1. Do you really trust the factories produce bearings by themselves?
While the customers may have placed the bearing order at the factory, but it doesn’t mean the factory produce these bearings themselves. There are some customers who complain about the quality of the bearings when they receive them, even losing faith in the Chinese bearings, but why is this happening? One reason is that customers are attracted by a cheap low-quality price; the second reason is that customers trust the factories too much; they think the factory can control the quality of the produced product.
In China, many factories do not manage the production themselves; some trade business and buy products from other small individual factories in order to gain a higher profit, but these small factories can’t control the quality very well, so they are faced with ongoing quality problems.
2. No any factory or supplier can produce all types of bearings.
Each factory or supplier will tell you they can do it all and do it well, especially in China, but it’s not true, you need to be aware of what kinds of bearings each factory can produce.
How to solve this problem? You need a partner(KTAI) to help you find the right factory and control the quality.
- KTAI will compare several factories for the same type of bearing.
- KTAI will visit and check the factories for you, including processing equipment, testing equipment, workers’ skill levels, management system certificate, production range&quality level, etc.
We will identify the qualified factories, give them the order, and then we will keep on record the customer feedback on the quality of their produced bearings.
3. The material from factory should be high quality, not cut corners.
Some factories cut corners by using cheaper materials.
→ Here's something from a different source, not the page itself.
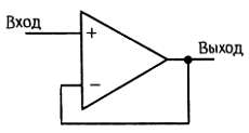 Усилитель с единичным коэффициентом усиления называют иногда буфером, так как он обладает изолирующими свойствами (большим входным импедансом и малым выходным).

Here are some examples for your reference:
- steel balls: if the grade should be G10, then the factory can change it to G16.
- heat treatment: the right operation should put the same type of bearing in one oven, not put different types of bearings in one oven– this can prevent some of the bearings from meeting hardening standards.
4. How the trading companies earn money?
- export rebates: some trading companies export goods to abroad. In this case, the Chinese government will return some money to the company. The price that the trading company is offering you is same as the price that the factory offered the trading company, so there is no additional cost. Some trading companies will add port charges and some service charges (not much money).
- Before you give the order to a trading company, they will ask other factories to compete with the price, then they will take the lowest price to discuss with their regular supplier to get the highest profit. Some factories will agree, but they can’t guarantee product quality, as everyone knows, quality is proportional to the price.
- The third way to place an order is through a purchasing agent, they don’t earn money on goods, so when you have orders, you should give a commission to your Chinese agent, maybe 5%~10%, even a little more. The advantage is that the agent can help you source the right bearing factory and control the quality.